__Work instruction__. Every entry must be set down exactly in the answer; no pictures should appear.

__Excerpts from a dataset__.
##########

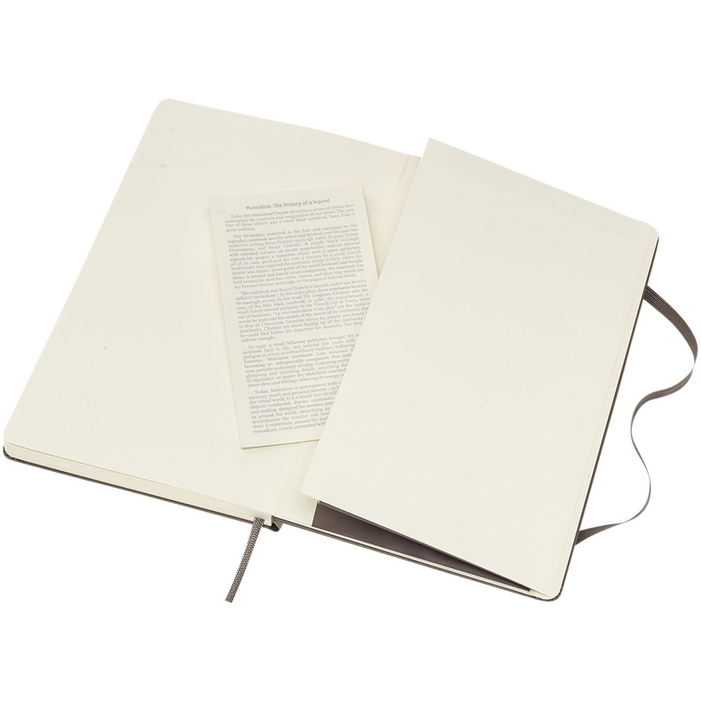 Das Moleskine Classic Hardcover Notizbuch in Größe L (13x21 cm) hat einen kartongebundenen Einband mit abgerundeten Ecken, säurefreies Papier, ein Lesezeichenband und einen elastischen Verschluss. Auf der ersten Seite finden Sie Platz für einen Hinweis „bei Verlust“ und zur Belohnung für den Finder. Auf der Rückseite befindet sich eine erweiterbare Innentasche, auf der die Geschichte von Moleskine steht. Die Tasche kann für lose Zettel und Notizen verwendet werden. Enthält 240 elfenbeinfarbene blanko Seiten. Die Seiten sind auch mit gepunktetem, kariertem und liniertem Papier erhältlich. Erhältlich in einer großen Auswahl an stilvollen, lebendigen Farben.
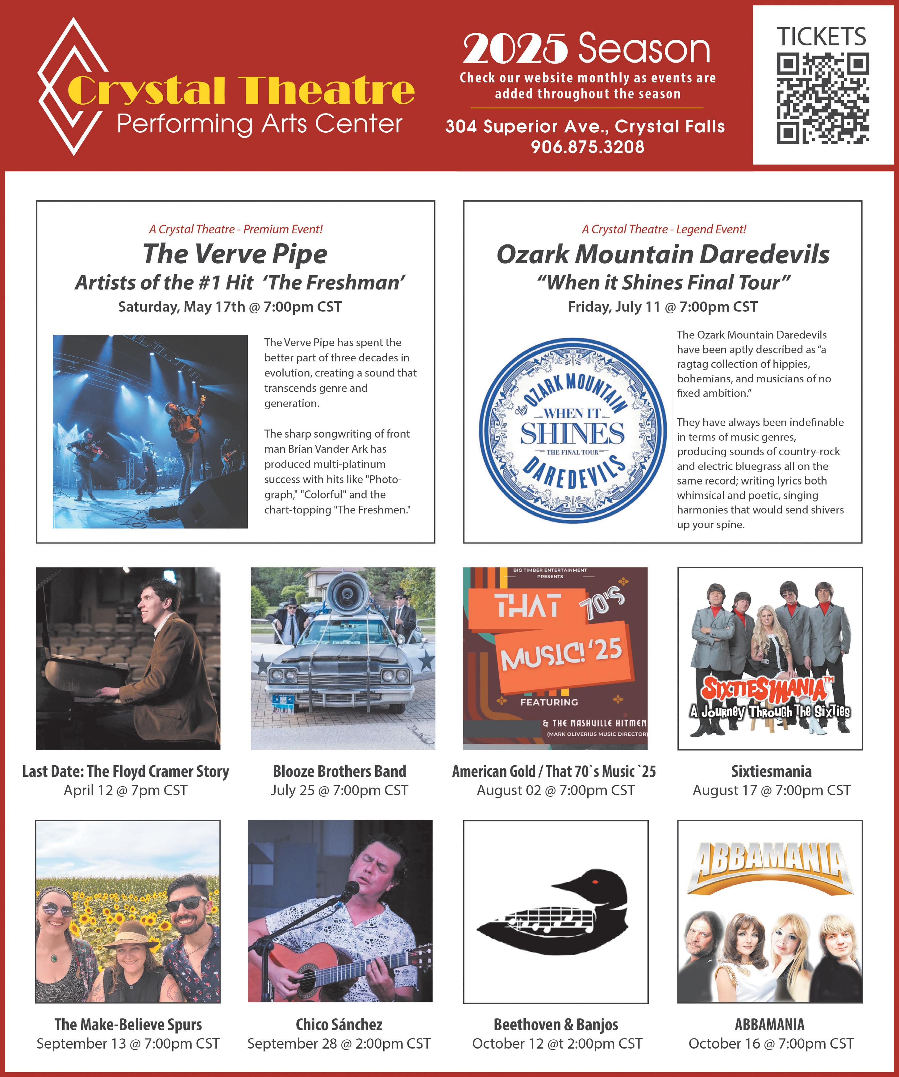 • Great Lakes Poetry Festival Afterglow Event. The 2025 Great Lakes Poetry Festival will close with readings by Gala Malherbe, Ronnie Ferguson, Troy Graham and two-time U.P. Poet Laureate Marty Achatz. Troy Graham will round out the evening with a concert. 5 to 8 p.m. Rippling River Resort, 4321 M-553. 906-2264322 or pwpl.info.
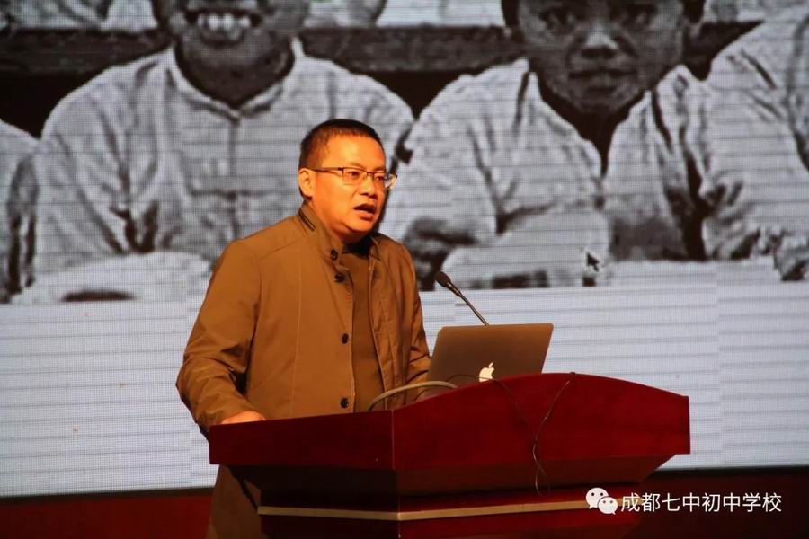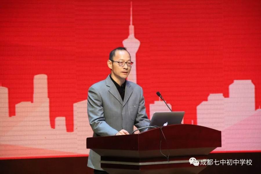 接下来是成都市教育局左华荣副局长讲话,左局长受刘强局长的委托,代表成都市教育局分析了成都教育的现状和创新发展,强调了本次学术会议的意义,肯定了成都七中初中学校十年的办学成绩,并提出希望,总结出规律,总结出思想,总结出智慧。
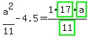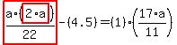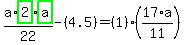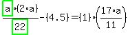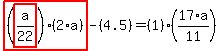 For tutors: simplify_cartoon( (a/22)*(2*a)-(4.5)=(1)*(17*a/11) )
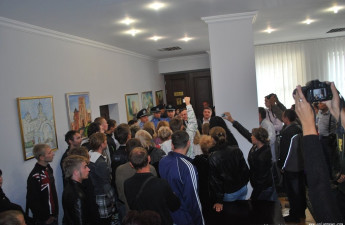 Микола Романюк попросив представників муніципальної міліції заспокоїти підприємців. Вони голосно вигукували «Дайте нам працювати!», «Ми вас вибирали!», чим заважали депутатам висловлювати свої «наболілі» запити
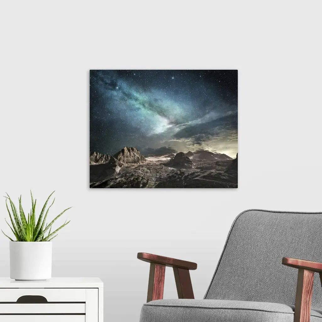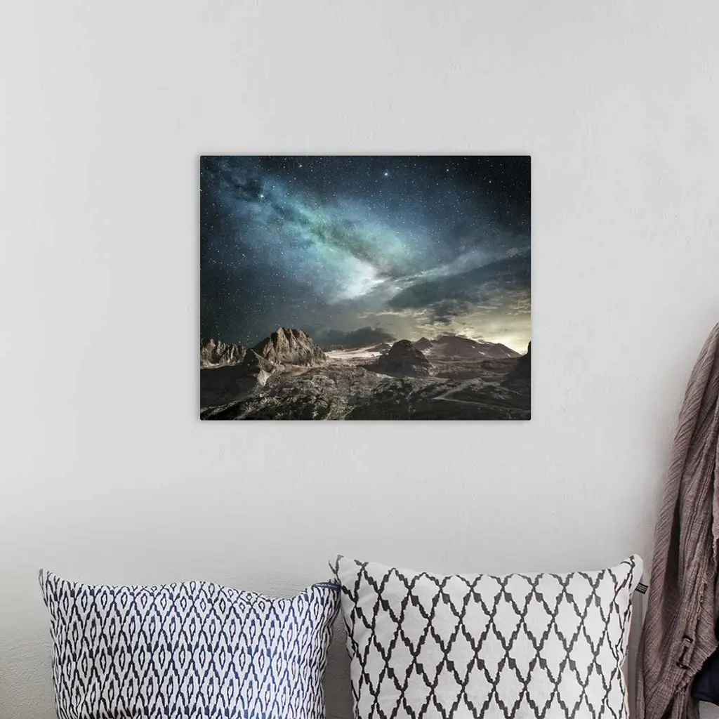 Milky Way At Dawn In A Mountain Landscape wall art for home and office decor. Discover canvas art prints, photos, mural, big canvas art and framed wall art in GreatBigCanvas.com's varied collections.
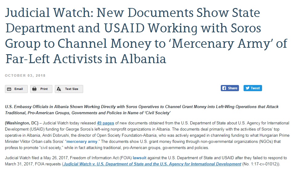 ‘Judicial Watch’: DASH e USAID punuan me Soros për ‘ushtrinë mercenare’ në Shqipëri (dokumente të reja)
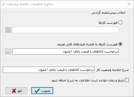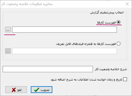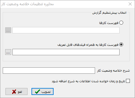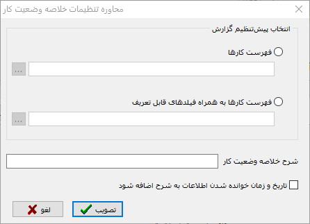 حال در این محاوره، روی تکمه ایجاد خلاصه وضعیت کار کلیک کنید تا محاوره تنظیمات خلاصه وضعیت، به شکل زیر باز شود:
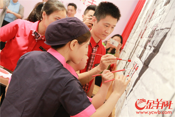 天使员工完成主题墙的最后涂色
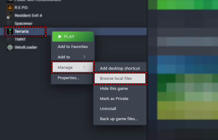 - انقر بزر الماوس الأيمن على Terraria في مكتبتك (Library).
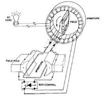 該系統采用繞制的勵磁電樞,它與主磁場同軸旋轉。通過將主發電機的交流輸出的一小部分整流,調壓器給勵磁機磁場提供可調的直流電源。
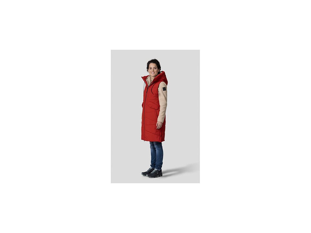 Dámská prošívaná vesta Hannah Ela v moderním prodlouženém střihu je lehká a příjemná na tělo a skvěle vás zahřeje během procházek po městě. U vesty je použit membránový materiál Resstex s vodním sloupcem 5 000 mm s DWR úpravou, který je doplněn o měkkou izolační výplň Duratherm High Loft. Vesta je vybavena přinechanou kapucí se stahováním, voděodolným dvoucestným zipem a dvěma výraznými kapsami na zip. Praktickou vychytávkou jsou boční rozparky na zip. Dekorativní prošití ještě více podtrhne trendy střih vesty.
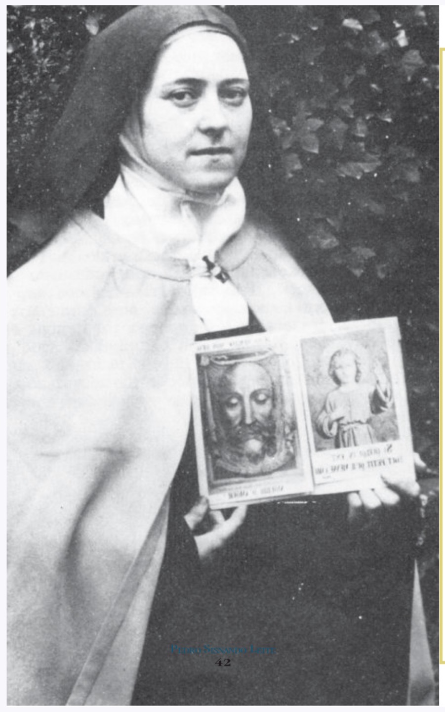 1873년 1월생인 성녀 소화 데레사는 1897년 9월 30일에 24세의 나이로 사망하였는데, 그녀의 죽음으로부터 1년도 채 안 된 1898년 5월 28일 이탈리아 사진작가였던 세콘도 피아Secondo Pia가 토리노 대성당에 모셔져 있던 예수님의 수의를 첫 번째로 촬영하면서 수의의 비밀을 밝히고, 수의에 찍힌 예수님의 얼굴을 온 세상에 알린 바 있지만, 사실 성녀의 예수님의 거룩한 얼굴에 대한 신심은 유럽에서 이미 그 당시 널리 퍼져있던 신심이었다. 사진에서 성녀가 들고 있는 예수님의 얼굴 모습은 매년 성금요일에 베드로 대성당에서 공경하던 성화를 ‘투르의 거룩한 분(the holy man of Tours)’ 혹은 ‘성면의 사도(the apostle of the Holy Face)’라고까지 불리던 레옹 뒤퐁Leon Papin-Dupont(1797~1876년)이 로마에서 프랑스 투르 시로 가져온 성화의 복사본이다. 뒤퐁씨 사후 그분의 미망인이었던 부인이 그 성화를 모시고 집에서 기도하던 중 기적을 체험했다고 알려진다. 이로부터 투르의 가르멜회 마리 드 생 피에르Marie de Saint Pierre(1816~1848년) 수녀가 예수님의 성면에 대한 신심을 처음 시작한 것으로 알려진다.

##########

__Response area__.
 Das Moleskine Classic Hardcover Notizbuch in Größe L (13x21 cm) hat einen kartongebundenen Einband mit abgerundeten Ecken, säurefreies Papier, ein Lesezeichenband und einen elastischen Verschluss. Auf der ersten Seite finden Sie Platz für einen Hinweis „bei Verlust“ und zur Belohnung für den Finder. Auf der Rückseite befindet sich eine erweiterbare Innentasche, auf der die Geschichte von Moleskine steht. Die Tasche kann für lose Zettel und Notizen verwendet werden. Enthält 240 elfenbeinfarbene blanko Seiten. Die Seiten sind auch mit gepunktetem, kariertem und liniertem Papier erhältlich. Erhältlich in einer großen Auswahl an stilvollen, lebendigen Farben.
 • Great Lakes Poetry Festival Afterglow Event. The 2025 Great Lakes Poetry Festival will close with readings by Gala Malherbe, Ronnie Ferguson, Troy Graham and two-time U.P. Poet Laureate Marty Achatz. Troy Graham will round out the evening with a concert. 5 to 8 p.m. Rippling River Resort, 4321 M-553. 906-2264322 or pwpl.info.
 接下来是成都市教育局左华荣副局长讲话,左局长受刘强局长的委托,代表成都市教育局分析了成都教育的现状和创新发展,强调了本次学术会议的意义,肯定了成都七中初中学校十年的办学成绩,并提出希望,总结出规律,总结出思想,总结出智慧。
 For tutors: simplify_cartoon( (a/22)*(2*a)-(4.5)=(1)*(17*a/11) )
 Микола Романюк попросив представників муніципальної міліції заспокоїти підприємців. Вони голосно вигукували «Дайте нам працювати!», «Ми вас вибирали!», чим заважали депутатам висловлювати свої «наболілі» запити
 Milky Way At Dawn In A Mountain Landscape wall art for home and office decor. Discover canvas art prints, photos, mural, big canvas art and framed wall art in GreatBigCanvas.com's varied collections.
 ‘Judicial Watch’: DASH e USAID punuan me Soros për ‘ushtrinë mercenare’ në Shqipëri (dokumente të reja)
 حال در این محاوره، روی تکمه ایجاد خلاصه وضعیت کار کلیک کنید تا محاوره تنظیمات خلاصه وضعیت، به شکل زیر باز شود:
 天使员工完成主题墙的最后涂色
 - انقر بزر الماوس الأيمن على Terraria في مكتبتك (Library).
 該系統采用繞制的勵磁電樞,它與主磁場同軸旋轉。通過將主發電機的交流輸出的一小部分整流,調壓器給勵磁機磁場提供可調的直流電源。
 Dámská prošívaná vesta Hannah Ela v moderním prodlouženém střihu je lehká a příjemná na tělo a skvěle vás zahřeje během procházek po městě. U vesty je použit membránový materiál Resstex s vodním sloupcem 5 000 mm s DWR úpravou, který je doplněn o měkkou izolační výplň Duratherm High Loft. Vesta je vybavena přinechanou kapucí se stahováním, voděodolným dvoucestným zipem a dvěma výraznými kapsami na zip. Praktickou vychytávkou jsou boční rozparky na zip. Dekorativní prošití ještě více podtrhne trendy střih vesty.
 1873년 1월생인 성녀 소화 데레사는 1897년 9월 30일에 24세의 나이로 사망하였는데, 그녀의 죽음으로부터 1년도 채 안 된 1898년 5월 28일 이탈리아 사진작가였던 세콘도 피아Secondo Pia가 토리노 대성당에 모셔져 있던 예수님의 수의를 첫 번째로 촬영하면서 수의의 비밀을 밝히고, 수의에 찍힌 예수님의 얼굴을 온 세상에 알린 바 있지만, 사실 성녀의 예수님의 거룩한 얼굴에 대한 신심은 유럽에서 이미 그 당시 널리 퍼져있던 신심이었다. 사진에서 성녀가 들고 있는 예수님의 얼굴 모습은 매년 성금요일에 베드로 대성당에서 공경하던 성화를 ‘투르의 거룩한 분(the holy man of Tours)’ 혹은 ‘성면의 사도(the apostle of the Holy Face)’라고까지 불리던 레옹 뒤퐁Leon Papin-Dupont(1797~1876년)이 로마에서 프랑스 투르 시로 가져온 성화의 복사본이다. 뒤퐁씨 사후 그분의 미망인이었던 부인이 그 성화를 모시고 집에서 기도하던 중 기적을 체험했다고 알려진다. 이로부터 투르의 가르멜회 마리 드 생 피에르Marie de Saint Pierre(1816~1848년) 수녀가 예수님의 성면에 대한 신심을 처음 시작한 것으로 알려진다.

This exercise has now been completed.